Dataset entries
---*---
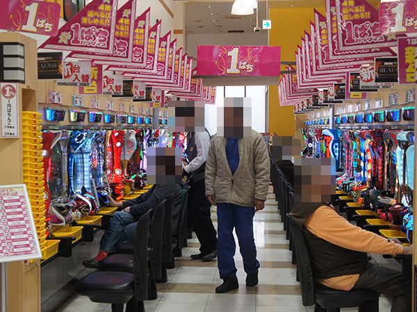 1円と2円の2種類が用意されているパチンコの低貸し玉コーナーもにぎわっていた。
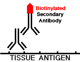 The section is then washed to remove any unbound primary antibody. Then the secondary antibody, which is typically another mammalian species directed against the species of the primary antibody, is applied to the tissue section. This secondary antibody is "biotinylated" or complexed with biotin, a low molecular weight vitamin compound. The tissue is incubated with this secondary antibody, which will attach to any specific primary antibody that is present, as shown below:
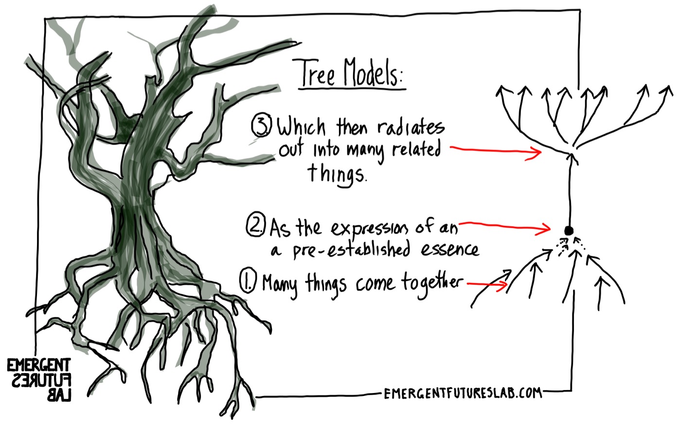 Tree models are one of the four classical and deeply problematic reductionist/essentialist ways of presenting the creative process (the others are the multi-level pyramid, the iceberg, and the onion).
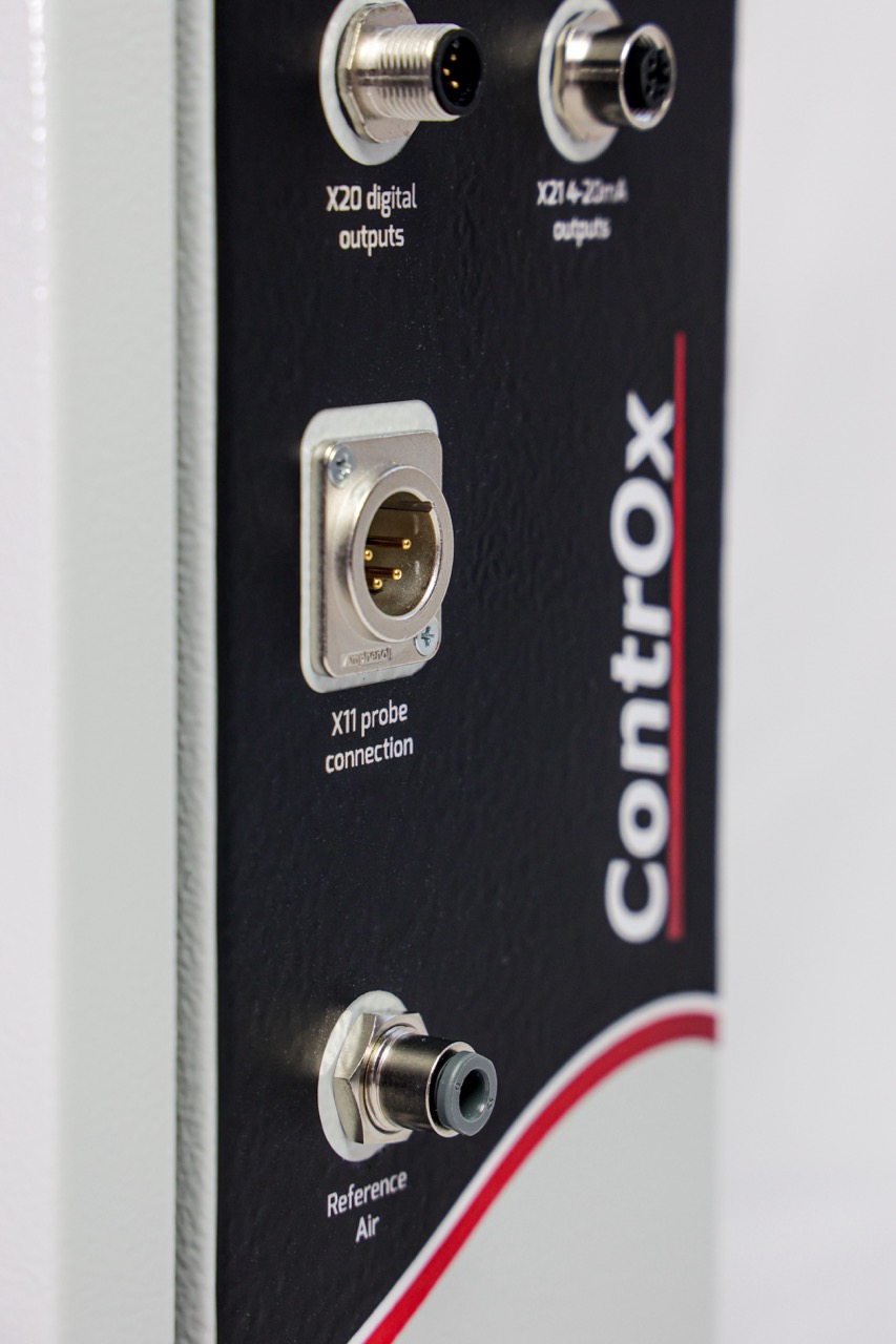 Le module ControX permet le calcul et l’affichage de la concentration en oxygène (%O2, ppm ou log) ainsi que de la température de la sonde (°C ou °F). Les connecteurs sont facilement accessibles sur le côté du boitier et permettent le branchement des prises pour les sorties analogiques, 4-20 mA, air de référence et air de nettoyage (CarboProbe LT seulement). L’export sur clef USB est compris en standard.
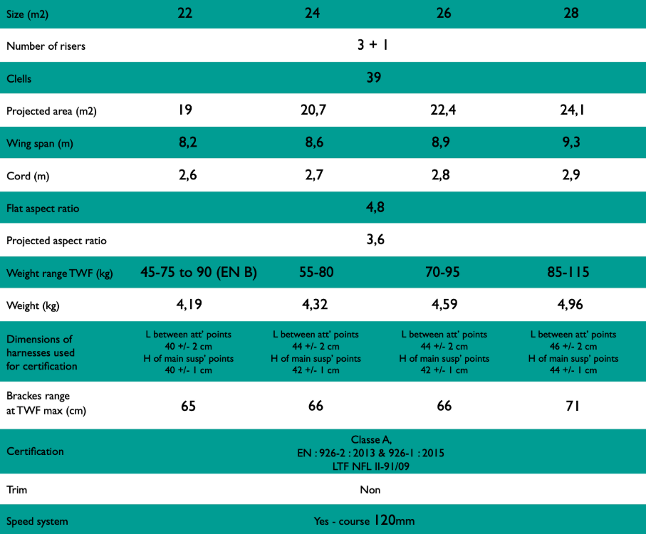 • Erfarne piloter som ønsker en allsidig vinge med god ytelse og høy passiv sikkerhet
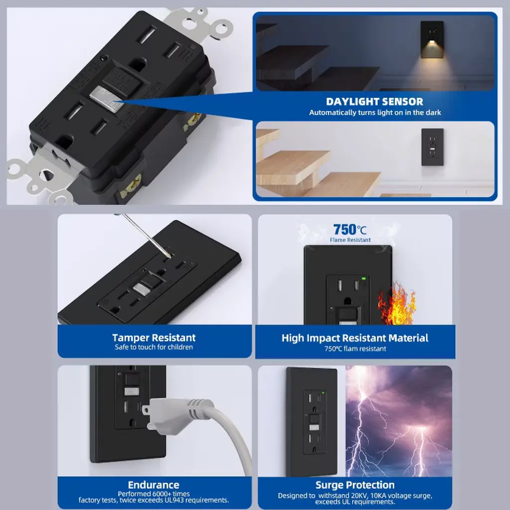 Elegrp Gfci Outlet With Night Light, 15 Amp 125v Tamper Resistant Duplex Wall Outlet, Wall Plate Included, Matte Black 1Pc
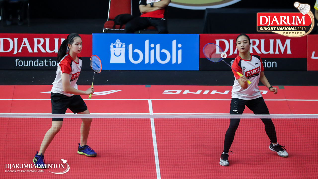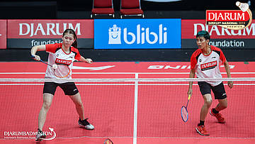 Aldira Rizki Putri+Helena Ayu Puspitasari (PB Djarum, Kudus) bersiap menyambut shuttlecock
---*---
If an entry holds a picture, skip the picture and print the rest of the data exactly.

 1円と2円の2種類が用意されているパチンコの低貸し玉コーナーもにぎわっていた。
 The section is then washed to remove any unbound primary antibody. Then the secondary antibody, which is typically another mammalian species directed against the species of the primary antibody, is applied to the tissue section. This secondary antibody is "biotinylated" or complexed with biotin, a low molecular weight vitamin compound. The tissue is incubated with this secondary antibody, which will attach to any specific primary antibody that is present, as shown below:
 Tree models are one of the four classical and deeply problematic reductionist/essentialist ways of presenting the creative process (the others are the multi-level pyramid, the iceberg, and the onion).
 Le module ControX permet le calcul et l’affichage de la concentration en oxygène (%O2, ppm ou log) ainsi que de la température de la sonde (°C ou °F). Les connecteurs sont facilement accessibles sur le côté du boitier et permettent le branchement des prises pour les sorties analogiques, 4-20 mA, air de référence et air de nettoyage (CarboProbe LT seulement). L’export sur clef USB est compris en standard.
 • Erfarne piloter som ønsker en allsidig vinge med god ytelse og høy passiv sikkerhet
 Elegrp Gfci Outlet With Night Light, 15 Amp 125v Tamper Resistant Duplex Wall Outlet, Wall Plate Included, Matte Black 1Pc
 Aldira Rizki Putri+Helena Ayu Puspitasari (PB Djarum, Kudus) bersiap menyambut shuttlecock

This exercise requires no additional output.